Idiot, idiot, idiot. And a teaching failure, don't forget.

But today is a new day (albeit, one that is already tainted with a Big Fat Lie).

Onward! To teacher education in Pakistan!


—Lady C


  1. Helping with the gargantuan and very virtous task of training teachers, female teachers, in Pakistan is worth several orders of crab rangoon, fried tofu with WHITE rice and at least a case of Chardonnay. Just sayin.
    Mrs. Cynicletary
    p.s. The company from which the Pakistan job flows may be in line for a GIGANTIC contract there, which may bring you lots more virtuous work.

    1. You are my sweetest and most perfect friend. I am feeling *ridiculously* guilty this morning!! I just got such loving warm notes from the ladies I blew off last night...

      A case of Chardonnay sounds VERY GOOD right now. At 10 a.m. Well, it wouldn't be the first time.


    2. Good Neighbor AnneMarch 7, 2013 at 1:23 PM

      I agree with Mrs. Cynicletary... especially if they are teaching female teachers to actually teach FEMALE pupils!! Very important and virtuous work.

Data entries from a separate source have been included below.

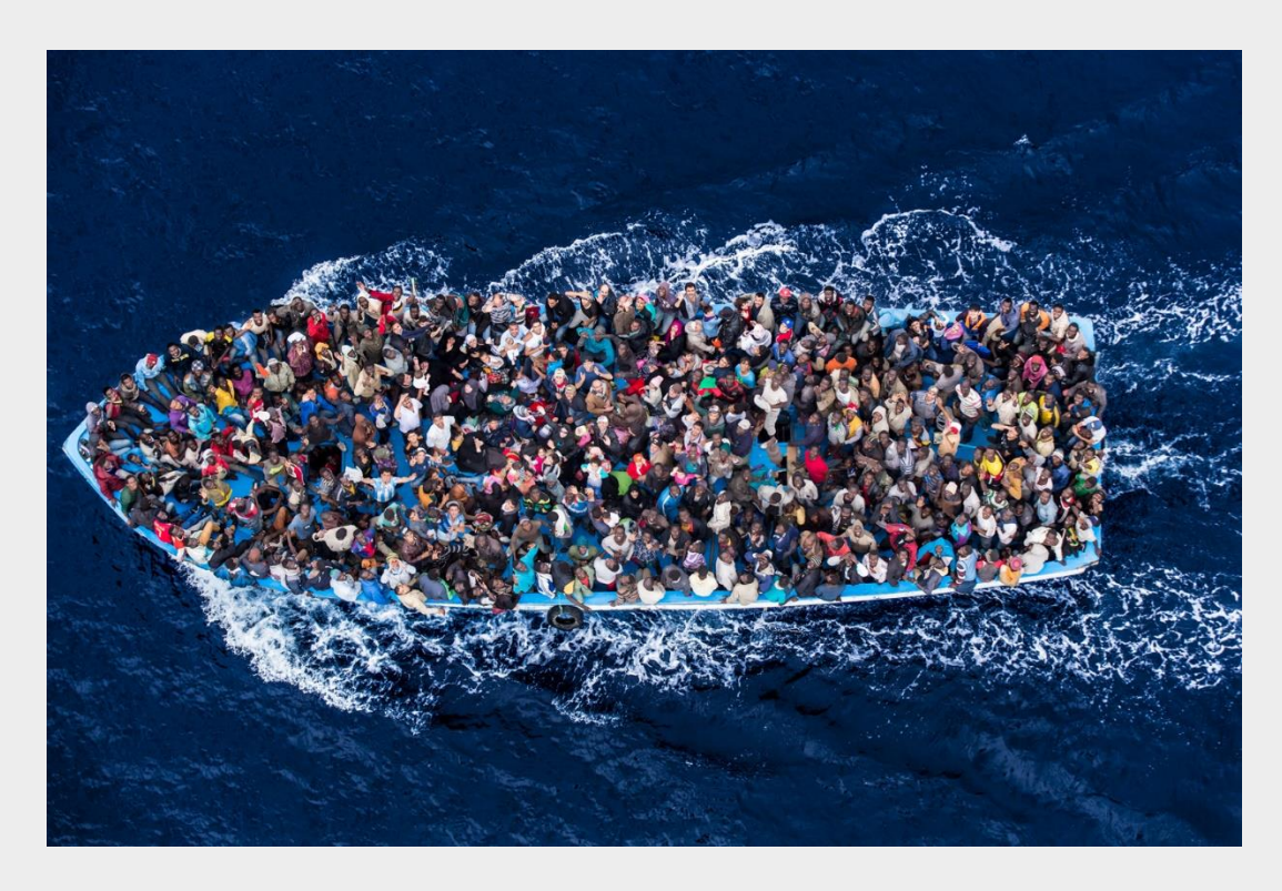
Italian navy rescues asylum seekers traveling by boat off the coast of Africa on the Mediterranean, 2014.

In Germany, he was in a refugee camp. He applied for asylum there and they told him to return to Italy. He was aware that Italy doesn't want him. He decided to try his luck in France. After a lot of attempts, he could pass the French borders. And he reached Paris. Now he is in France.
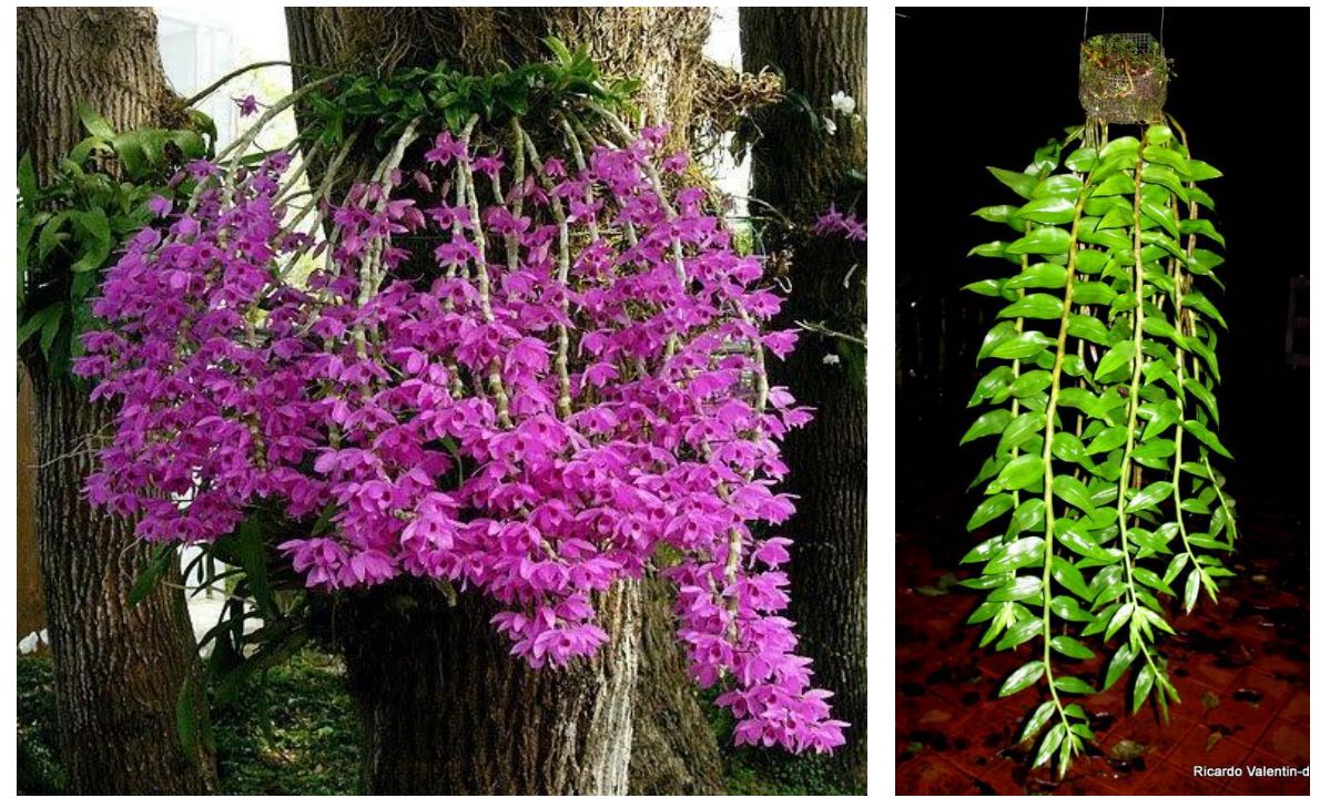
Two mounted D. anosmum shown above are for mounting reference.

This is a hot to cool growing pendulous cane orchid that likes 50% shade and is fragrant. The canes can grow to 3 or 4 feet in length and are pendant or arching. This plant requires a dry period from October until the new growths appear in early spring and then they need to be watered and fed well. The flowers appear on the previous year's leafless canes. It was obtained from The OrchidWorks this year as a plug.
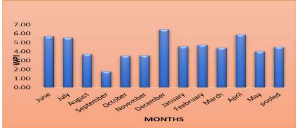
Fig. 4: WPI for the year 2011-12

The outcomes of this investigation revealed the quality assessment of the estuarine water body of Tapi River from Dumas areas for two consecutive years. This study highlighted poor water quality conditions of estuary in association with various physico-chemical parameters. The water quality variables showed fluctuations. Higher contaminations of components were found during pre and post monsoon then monsoon season. This might be due to the dilution of pollutants during monsoon season. This monitoring field study provides an informative preliminary data about water quality variables and helps to understand the quality status of water bodies. The Water quality index revealed that the estuarine water of the Tapi River was affected by increasing anthropogenic activities as well as agricultural and industrial runoff occurred in surrounding area. Hence, this area can degrade the water quality and making it unfit for public use. Similar findings on water quality of Tapi estuary were described earlier and it was considered as polluted with input sources from industries, domestic and anthropogenic activities [31-35]. Many reports are also available on the polluted aspect of physico-chemical features of various estuaries from India [36,37,38]. Water quality of Damanganga and Par Estuary was also found to be of poor quality and exhibited polluted nature of the estuary [39,40].
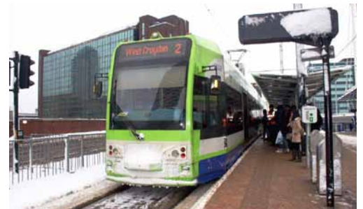
LRT in London, UK

Only this month in London, UK despite winter conditions that led to severe disruption on the roads for cars and buses and canceled rail services, Croydon LRT continued to run.
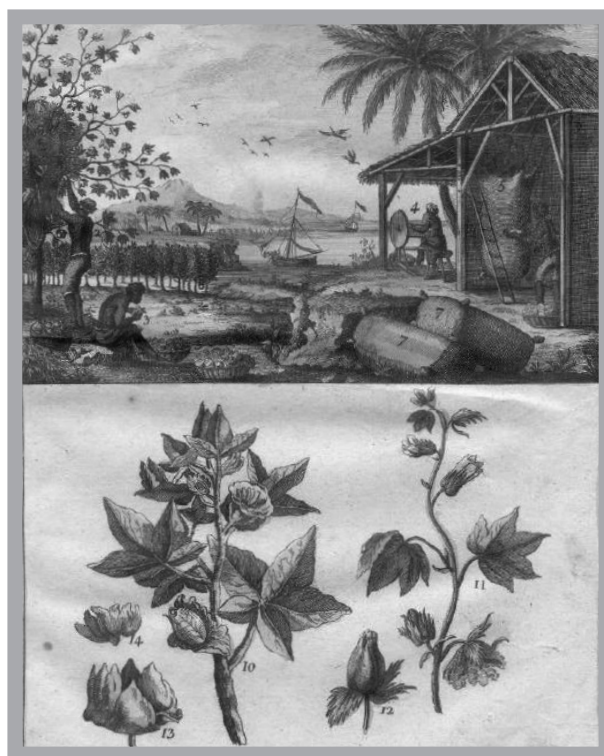
Figure 4. 'Coton', plate VIII of plate from M. Chambon, Le commerce de l'Amérique par Marseille (Avignon, 1764). Private collection.
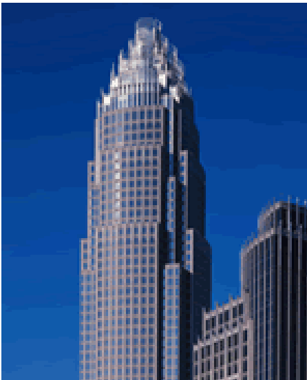
Bank of America Corporate Center 100 North Tryon Street
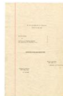
Memorandum Brief for Petitioners: "In the Matter of Petition of Certain Parents and Taxpayers of Hillburn, N.Y." (NYSA_B0496-
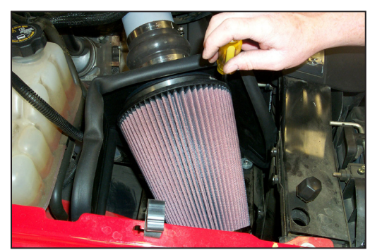
18. Install the K&N<sup>®</sup> air filter onto the mass air adapter and secure it with the provided hose clamp as shown.
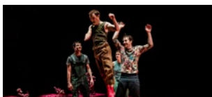
THE PROBLEM WITH PINK CANADA AND FRANCE
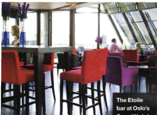
The Etoile bar at Oslo's Grand Hotel; Shopping at Trabant

Where to stay At First Hotels Grims Grenka , a new luxury design hotel, the look is minimalist, with clean lines, warm accents and lots of glass and wood. Stay in the loft suite, which boasts high-drama decor: rich scarlet walls and a tub on a stage in the middle of the room. ▷
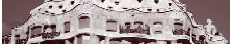
Casa Milà "La Pedrera".
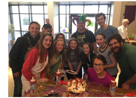
EYC helpers at Shrove Tuesday Pancake Supper Fundraiser
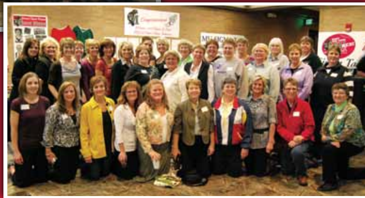
All women's athletic teams and the 1987 women's track and field team were recognized during the 2010 Homecoming.
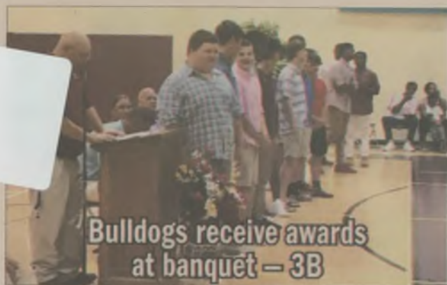
Bulldogs receive awards at banquet — 3B
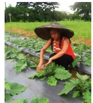
Figure 1: Left: Greywater towers in Arba Minch, Ethiopia. Right: Urine applied on petchay crops in Cagayan de Oro, Philippines.

How long exactly the phosphorus and potassium reserves will last is hotly disputed as estimates depend on many factors, like the potential discovery of new reserves, increasing population growth and demand, increasing difficulty to extract reserves, and related market price developments (Cordell et al., 2009; UNEP, 2011). One additional concern is that lower grade phosphorus which might increasingly be mined in the future is often contaminated with radioactive uranium.
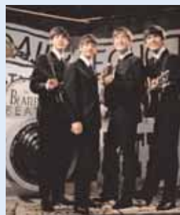
Freesat: no history shows
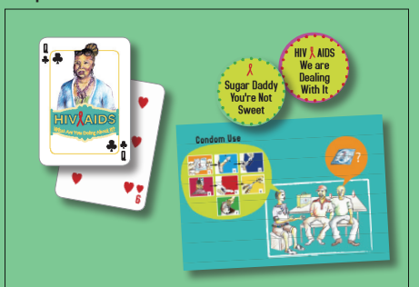
Step 7: Using the Toolkit to Implement Your HIV Action Plan
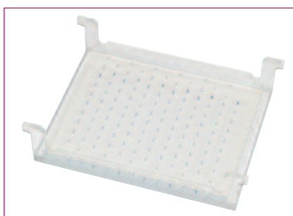
96 format UV tray with a cast gel

Comb blocks, available as standard and stretched options, are multichannel pipette compatible for speed loading
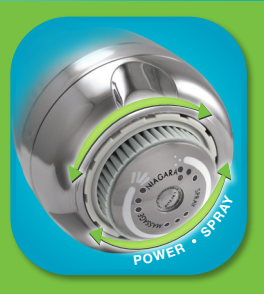
Easy turn dial
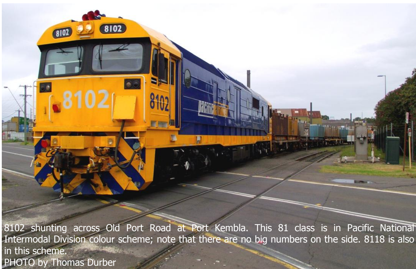
8102 shunting across Old Port Road at Port Kembla. This 81 class is in Pacific National Intermodal Division colour scheme; note that there are no big numbers on the side. 8118 is also in this scheme.
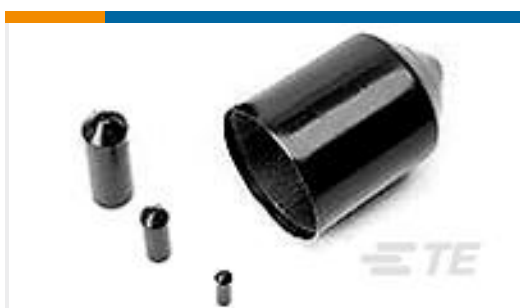
TE Part #843338-000 101A041-3/42-0
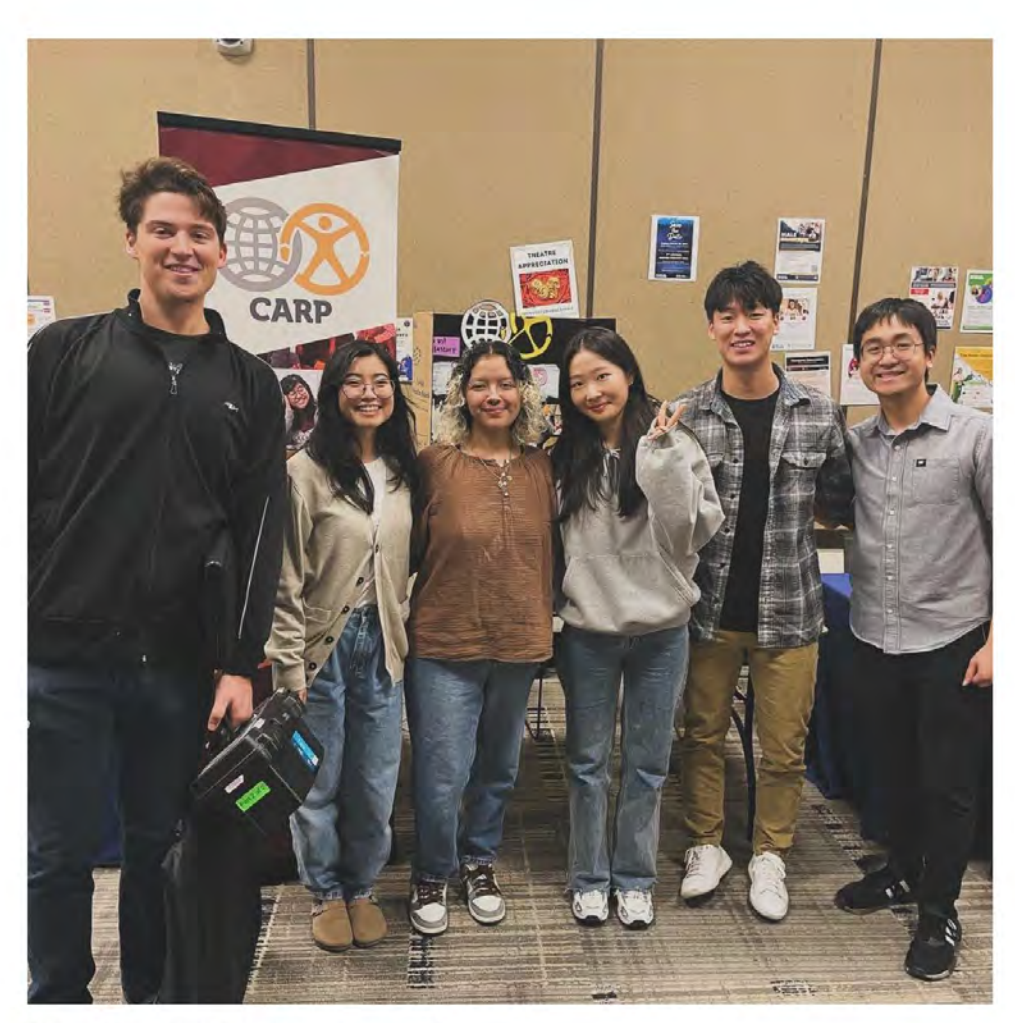
Dallas College, North Lake Campus; Irving, TX
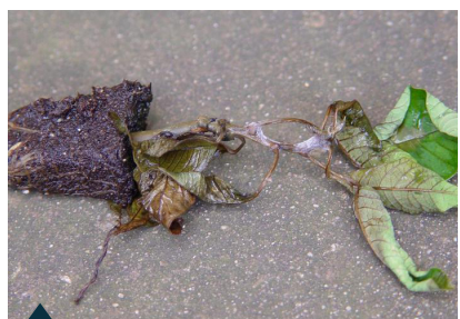
Fig. 5. Rhizoctonia (top) and Pythium (bottom) fungi caused root and stem rot.

flower buds or on the underside of leaves. Knowing the cultural practices and the history of a site, such as an irrigation system breakdown, flooding, or cold temperatures, can assist in trouble shooting. The origin of a problem should be positively identified before implementing control treatments. This may require laboratory analysis of a fungus or identification of an insect. Early detection may allow for control of an insect or disease problem with a simple spot treatment or by removal of damaged leaves or plants before a large area becomes affected. In all cases, selection of appropriate species for the season and the site, while implementing appropriate maintenance practices will prevent many problems in bedding plants.
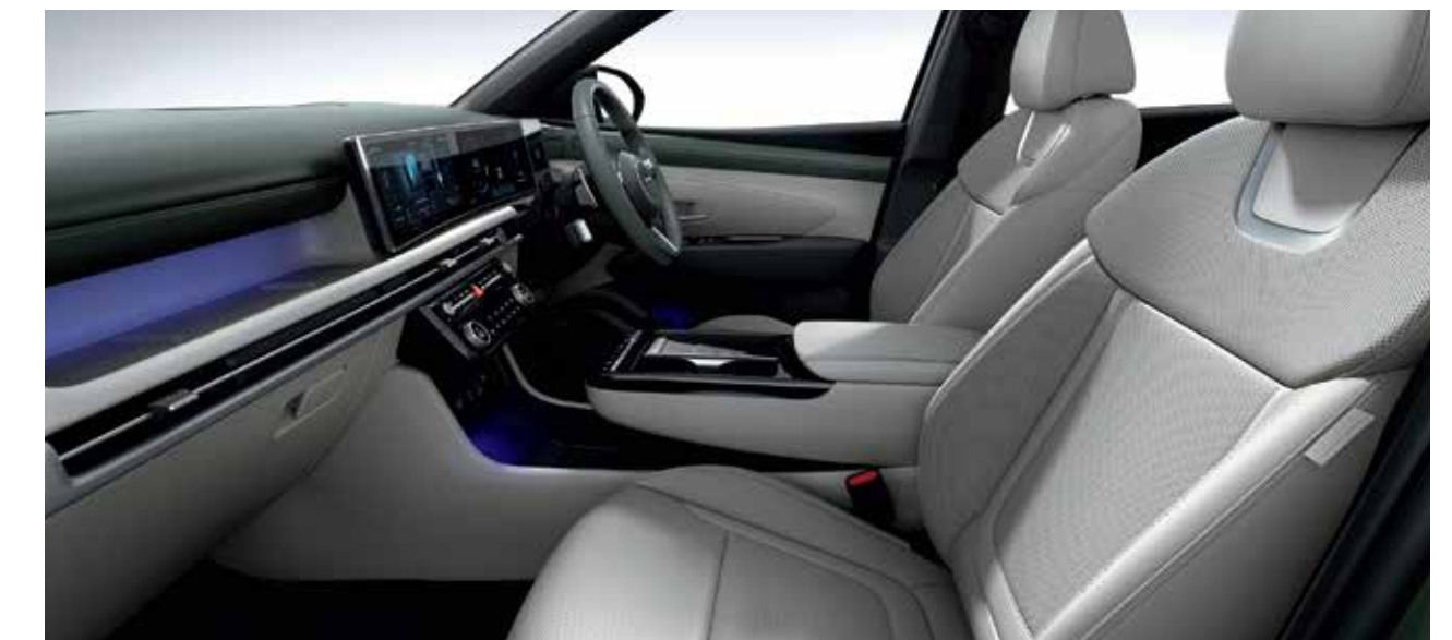
Moss Gray (MMH) Only for Prestige.
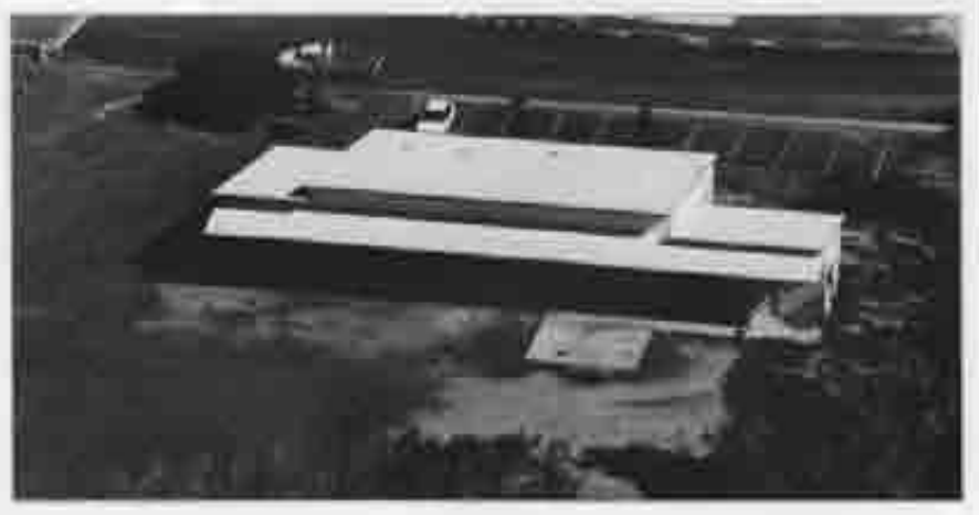
We were at lock-up in time for our Christmas Party in December,
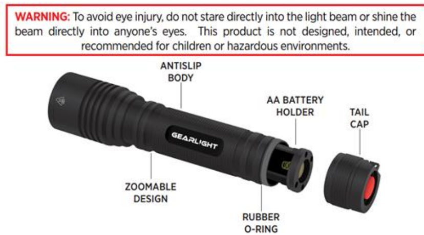
Figure 2 - LED Flashlight

As an example of how dangerous LED radiation is, consider this warning shown in Figure 2 from the company Gear Light.
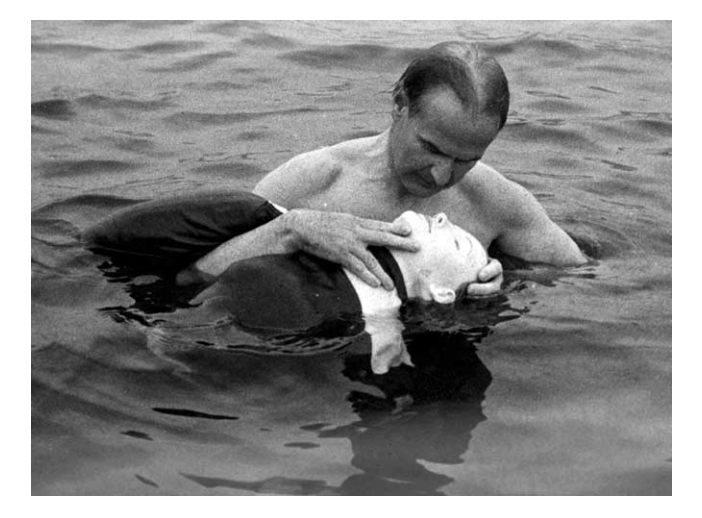
Fig. 8. Resusci Anne.

This enterprise attracted international attention, and Norway emerged as a pioneering country in the history of life-supporting first aid.
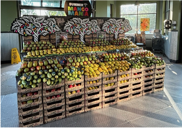
HEALTHY LIVING MARKET Burlington, VT
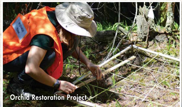
Orchid Restoration Project

Today over $15,000 is dedicated to research on an annual basis. Think of what we could accomplish if we had a research had a $1 million endowment that contributed $50,000 a year...forever?
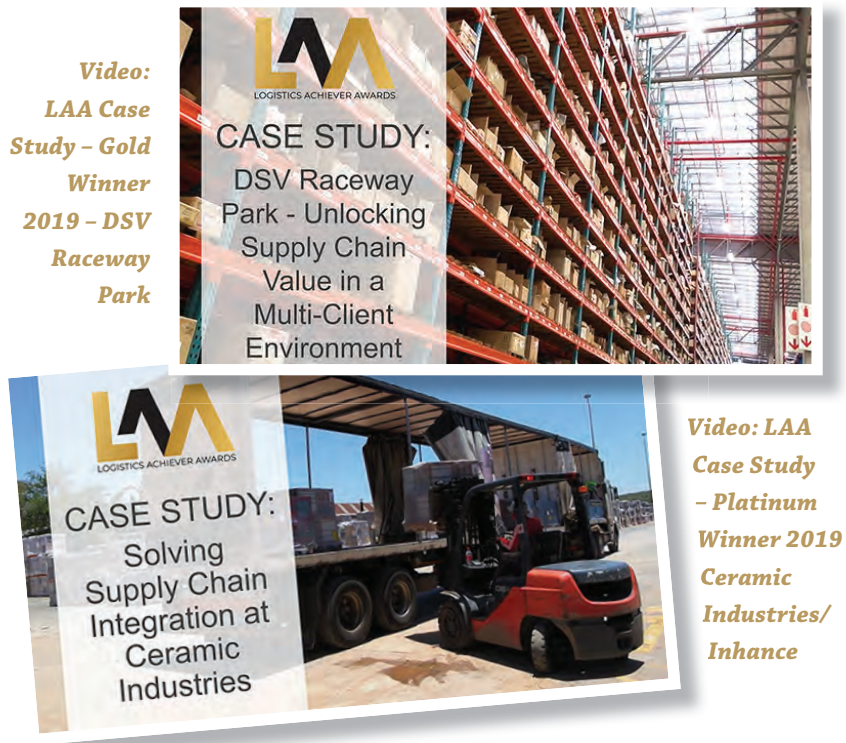
Video: LAA Case Study - Gold Winner 2019 - DSV Raceway Park

We have recently created two video case studies on past winners to share with the industry and thank DSV, Ceramic Industries and Inhance Supply Chains for their contribution:
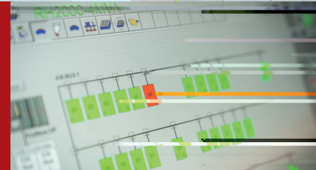
Quicker troubleshooting Detect and analyse the problem faster
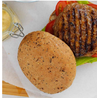
FROBRE19 Mixed Seeded Rolls (Genius) Gluten Free 25 x 68g Was £22.10 Now £19.35

World-changing work.

      However, just as my blooming snowdrops are now covered in snow, your best intentions were covered with excuses. Luckily, your resolve, like the flowers, is alive. Good for you for 'fessing up. All that honesty melts the excuses away and reveals what lies beneath: pure-white, hopeful, beautiful intentions. :) Go you!!! xoxo

    3. Definitely they're being trained to teach (and do outreach to) females, and the number of female students in this program is going up. All good!

      And that very night, I went down to my basement for a sweaty session of home zumba, so my resolve got a nice workout as well. Thanks for the butt-kicking pep talk, as always! :)

  2. aw sweetie, it is what it is. if you set up a paypal account i would hire you right now to edit my blog posts so that i could submit some of them to magazines etc. now, i've just typed something aloud that i'm really terrified to do. all we can do everyday is try and realize that one day does not make a life.
    ps, go pakistan. my 14 year old daughter is competing on saturday in 4H district public speaking. her speech is on girls education rights and malala yousafzai

    1. Angel! If you are remotely serious, let's do it! I will charge you *two dollars* - it would be such an honor to help you get your gorgeous words to a larger audience.

      "One day does not make a life" is a perfect sentiment. Thank you.

      And I am rooting for your daughter right this minute! (I *love* 4H. Husband and I recently enjoyed a 4H exhibit at the Topsfield Fair, and I became so moved that I started weeping over a display of squash.)